WORK REQUEST —
Reproduce, without any change, the span of lines from the opening of the records below to the line containing "Proteggi il tuo", inclusive.

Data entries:
::::::::::

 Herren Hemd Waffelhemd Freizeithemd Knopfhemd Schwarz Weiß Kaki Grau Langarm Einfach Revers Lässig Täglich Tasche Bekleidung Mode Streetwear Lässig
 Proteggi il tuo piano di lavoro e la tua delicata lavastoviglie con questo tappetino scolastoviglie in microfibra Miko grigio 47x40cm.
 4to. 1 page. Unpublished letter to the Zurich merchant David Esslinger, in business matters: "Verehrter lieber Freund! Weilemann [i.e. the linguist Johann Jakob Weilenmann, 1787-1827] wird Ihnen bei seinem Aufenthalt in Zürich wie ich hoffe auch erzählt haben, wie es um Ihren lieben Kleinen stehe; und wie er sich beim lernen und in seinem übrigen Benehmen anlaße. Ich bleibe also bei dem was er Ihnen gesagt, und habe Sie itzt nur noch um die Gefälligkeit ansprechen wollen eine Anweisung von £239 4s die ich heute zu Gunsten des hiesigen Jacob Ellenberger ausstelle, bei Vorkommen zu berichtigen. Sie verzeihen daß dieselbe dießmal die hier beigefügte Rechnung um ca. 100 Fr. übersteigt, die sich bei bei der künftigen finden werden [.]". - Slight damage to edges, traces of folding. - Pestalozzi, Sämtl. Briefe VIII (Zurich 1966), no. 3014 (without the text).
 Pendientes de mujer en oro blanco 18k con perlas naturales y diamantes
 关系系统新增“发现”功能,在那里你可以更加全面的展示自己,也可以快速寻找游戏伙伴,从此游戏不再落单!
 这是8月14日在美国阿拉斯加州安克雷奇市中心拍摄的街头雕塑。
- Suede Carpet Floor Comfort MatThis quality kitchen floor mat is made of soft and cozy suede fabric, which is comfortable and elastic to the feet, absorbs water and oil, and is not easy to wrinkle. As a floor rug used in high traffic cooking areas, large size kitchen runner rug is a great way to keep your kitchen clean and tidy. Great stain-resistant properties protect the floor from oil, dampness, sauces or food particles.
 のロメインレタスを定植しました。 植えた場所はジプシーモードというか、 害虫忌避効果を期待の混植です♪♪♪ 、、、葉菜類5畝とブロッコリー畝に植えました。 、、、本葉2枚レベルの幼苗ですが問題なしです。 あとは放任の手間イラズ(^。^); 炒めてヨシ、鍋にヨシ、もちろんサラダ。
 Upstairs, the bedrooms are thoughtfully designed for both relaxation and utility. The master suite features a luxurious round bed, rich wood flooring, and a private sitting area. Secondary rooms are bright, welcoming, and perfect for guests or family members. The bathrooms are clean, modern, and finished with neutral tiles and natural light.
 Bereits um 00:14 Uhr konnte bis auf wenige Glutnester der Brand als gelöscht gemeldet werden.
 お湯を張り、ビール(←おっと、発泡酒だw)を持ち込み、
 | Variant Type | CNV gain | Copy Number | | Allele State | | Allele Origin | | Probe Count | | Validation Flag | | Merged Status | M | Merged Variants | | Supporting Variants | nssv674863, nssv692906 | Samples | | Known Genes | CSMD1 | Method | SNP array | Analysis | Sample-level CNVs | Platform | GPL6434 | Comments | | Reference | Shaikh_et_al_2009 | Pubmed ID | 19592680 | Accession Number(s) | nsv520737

::::::::::

SOLUTION TO THIS PROBLEM —
 Herren Hemd Waffelhemd Freizeithemd Knopfhemd Schwarz Weiß Kaki Grau Langarm Einfach Revers Lässig Täglich Tasche Bekleidung Mode Streetwear Lässig
 Proteggi il tuo piano di lavoro e la tua delicata lavastoviglie con questo tappetino scolastoviglie in microfibra Miko grigio 47x40cm.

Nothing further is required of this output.